===== Collected data
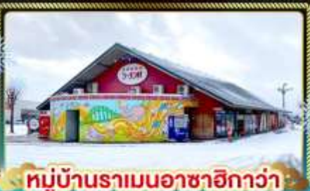
หมู่บ้านราเมนอาซาฮิกาว่า
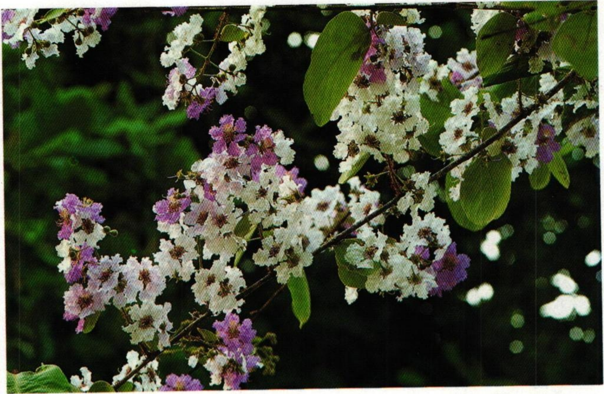
25. ตะแบก (Queen's Flower : Lagerstroemia sp.)

ชื่อนางช่างน้ำสาวหยุด พิกุลพวงแก้วเป็นแถวบาน
==========
*What is expected*. Reproduce the listing in full and exactly, excluding any pictures it holds.

*Your response*.
หมู่บ้านราเมนอาซาฮิกาว่า
25. ตะแบก (Queen's Flower : Lagerstroemia sp.)

ชื่อนางช่างน้ำสาวหยุด พิกุลพวงแก้วเป็นแถวบาน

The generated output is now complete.